::: RECORD EXCERPTS :::
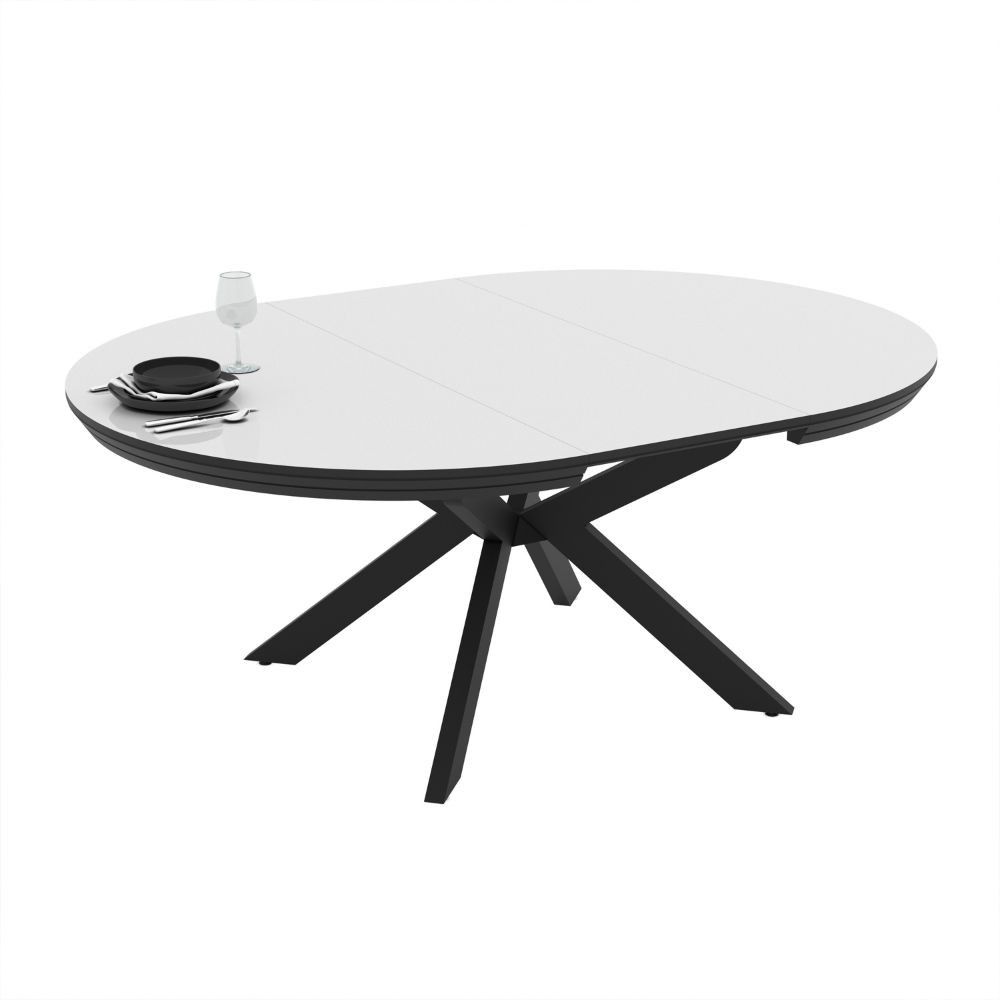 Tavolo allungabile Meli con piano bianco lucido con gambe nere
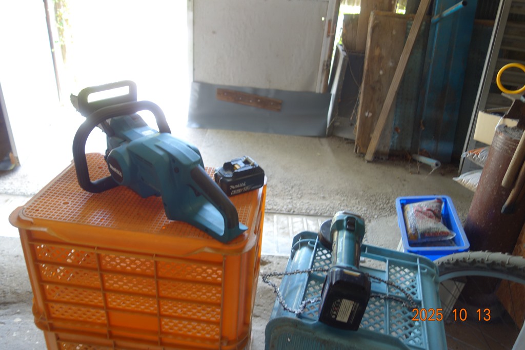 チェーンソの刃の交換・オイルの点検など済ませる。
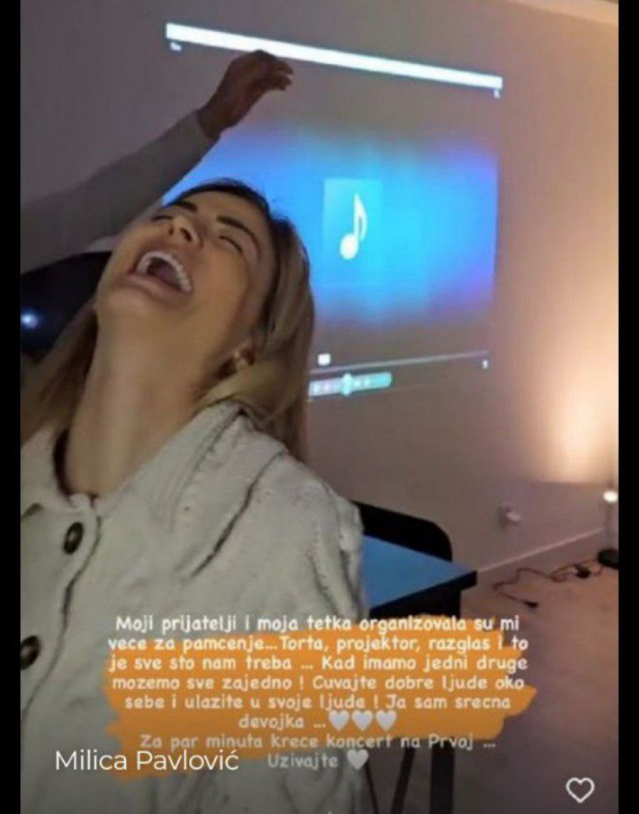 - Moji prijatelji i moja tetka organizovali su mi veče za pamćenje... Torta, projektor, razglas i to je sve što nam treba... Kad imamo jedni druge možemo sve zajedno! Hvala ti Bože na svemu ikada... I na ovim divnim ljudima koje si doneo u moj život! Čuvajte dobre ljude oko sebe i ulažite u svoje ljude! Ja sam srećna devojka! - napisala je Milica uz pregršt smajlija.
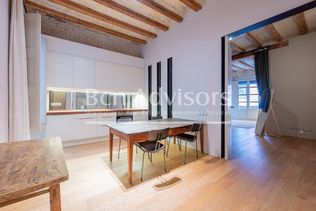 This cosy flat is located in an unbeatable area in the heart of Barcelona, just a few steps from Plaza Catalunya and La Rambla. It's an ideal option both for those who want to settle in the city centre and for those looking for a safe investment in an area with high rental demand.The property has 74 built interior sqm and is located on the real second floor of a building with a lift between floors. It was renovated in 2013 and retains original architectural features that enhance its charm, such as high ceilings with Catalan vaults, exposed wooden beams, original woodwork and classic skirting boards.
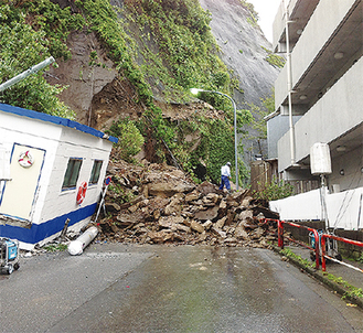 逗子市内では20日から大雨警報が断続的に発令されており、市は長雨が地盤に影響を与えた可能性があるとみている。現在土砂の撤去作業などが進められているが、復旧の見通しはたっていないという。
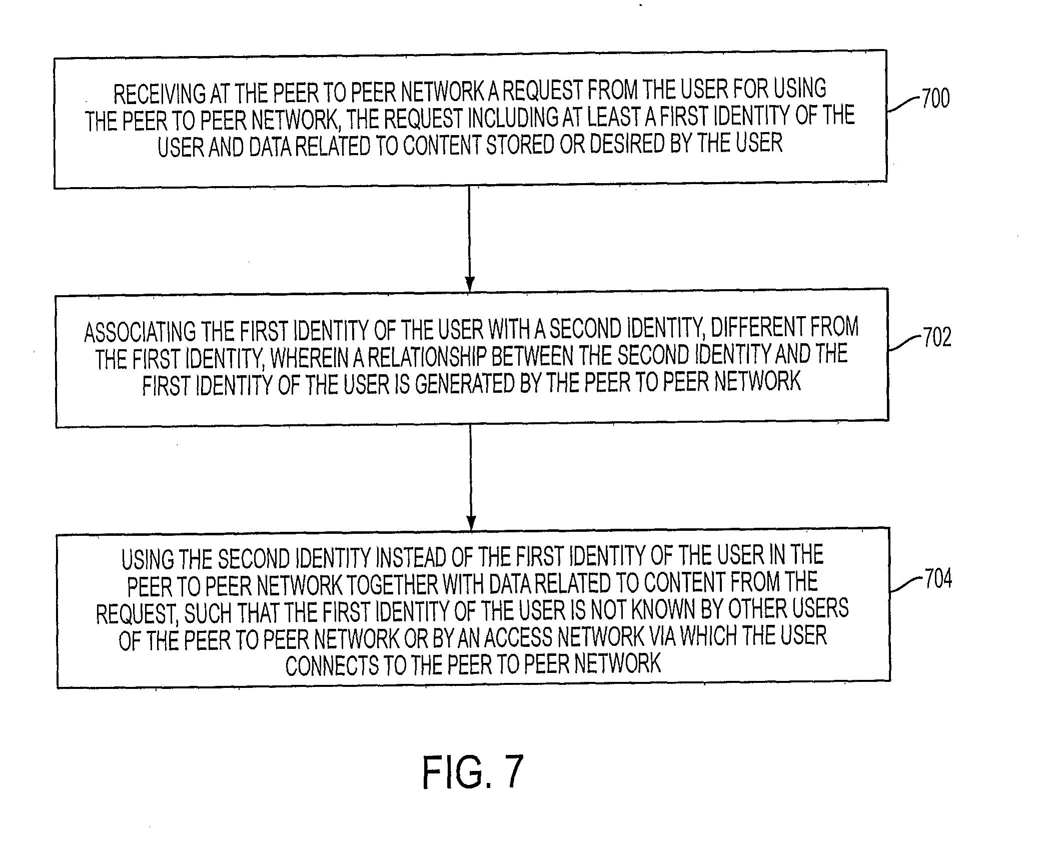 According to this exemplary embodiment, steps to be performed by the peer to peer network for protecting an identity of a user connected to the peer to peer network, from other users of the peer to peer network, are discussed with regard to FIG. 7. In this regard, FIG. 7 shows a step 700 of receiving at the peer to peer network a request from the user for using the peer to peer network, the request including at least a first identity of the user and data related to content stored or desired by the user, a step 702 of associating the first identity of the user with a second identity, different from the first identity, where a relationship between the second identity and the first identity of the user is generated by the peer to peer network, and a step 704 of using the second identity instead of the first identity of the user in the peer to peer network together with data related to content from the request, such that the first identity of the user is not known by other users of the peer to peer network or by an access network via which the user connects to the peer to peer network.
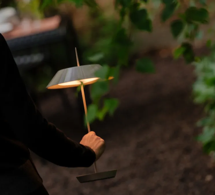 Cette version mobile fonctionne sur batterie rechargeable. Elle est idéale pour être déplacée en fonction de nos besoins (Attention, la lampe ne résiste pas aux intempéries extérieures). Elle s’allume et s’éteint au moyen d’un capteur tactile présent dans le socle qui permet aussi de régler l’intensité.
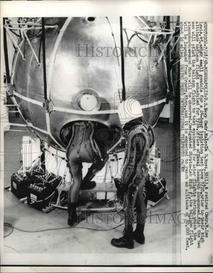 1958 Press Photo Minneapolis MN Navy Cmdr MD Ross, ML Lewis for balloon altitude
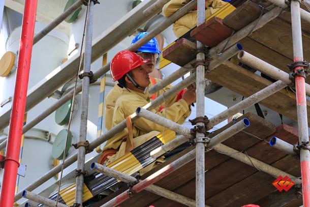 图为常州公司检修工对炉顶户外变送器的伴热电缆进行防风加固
:::
> [TASK STATEMENT]
From the records above, copy only the lines running from the line containing "This cosy flat" to the line containing "逗子市内では20日から大雨警", both ends included. Leave the pictures out.

> [EXERCISE RESULT]
 This cosy flat is located in an unbeatable area in the heart of Barcelona, just a few steps from Plaza Catalunya and La Rambla. It's an ideal option both for those who want to settle in the city centre and for those looking for a safe investment in an area with high rental demand.The property has 74 built interior sqm and is located on the real second floor of a building with a lift between floors. It was renovated in 2013 and retains original architectural features that enhance its charm, such as high ceilings with Catalan vaults, exposed wooden beams, original woodwork and classic skirting boards.
 逗子市内では20日から大雨警報が断続的に発令されており、市は長雨が地盤に影響を与えた可能性があるとみている。現在土砂の撤去作業などが進められているが、復旧の見通しはたっていないという。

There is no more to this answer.